Updating satilite receiver executive search dating service
Once you’ve obtained all these values from this site, preset the elevation and dish skew and point the dish at a landmark indicated by the alignment line on the map. On the receiver, check the satellite signal strength and the network ID of the transponder; it should match the satellite you intend to receive.Move the dish slightly to the left/right and up/down in very small steps and very slowly and watch the signal strength bar on the receiver to do the fine-tuning.Click and drag the marker along the alignment line to find out if an obstacle in the distance (e.g.a tree) is high enough to cause interference with the signal or even block the signal completely.From your location, it is theoretically possible to obtain satellites from an arc range of 160°, that is 80° West and 80° East. But this doesn’t mean that all the satellites within this range broadcast their signals down to your location.Depending on the transponder on the satellite, the signal is beamed to various spots on earth creating the so-called footprints.

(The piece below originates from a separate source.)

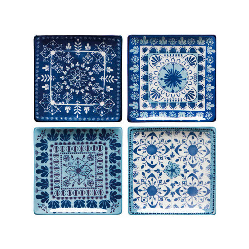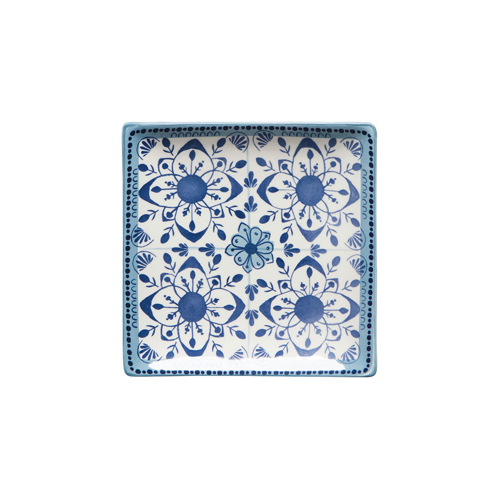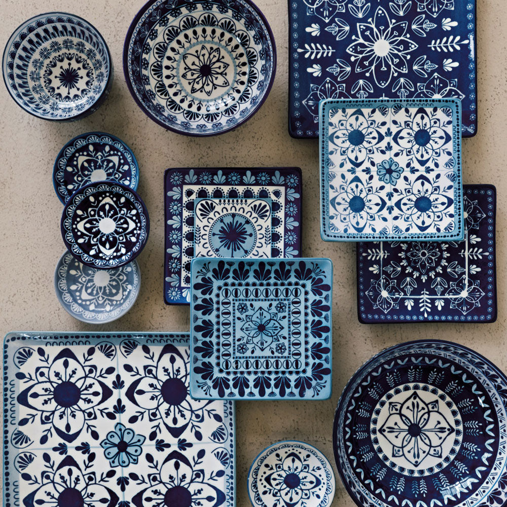 Un diseño de mosaicos en una mezcla de inspiración mediterránea de azul y blanco invita a que fluyan los buenos momentos para todos los que se reúnen a la mesa. Líneas onduladas de color saturado bailan sobre la superficie en pinceladas pictóricas, creando una expresión de abundante alegría.

That means if you happen to be in the center of the footprint, you can have a smaller dish size than if you live to nearer the edge, or the other way around: the further you live from the footprint center, the bigger the dish has to be.
These are all specific to your location and the chosen satellite.
The azimuth tells you the direction in which to point the antenna.
You should also do the LOS for each satellite you want to receive bearing in mind that the signal comes from a different direction than the one where the dish points to.
You can use the obstacle marker (the little green balloon) to check for line of sight (LOS) to the satellite.There are even features for doing a self-installation of a multi-lnb dish (such as the 5LNB Direct TV, Dish Network 1000 dishes or Wavefrontier Toroidal T90 dishes), or a motorized system (with or without USALS).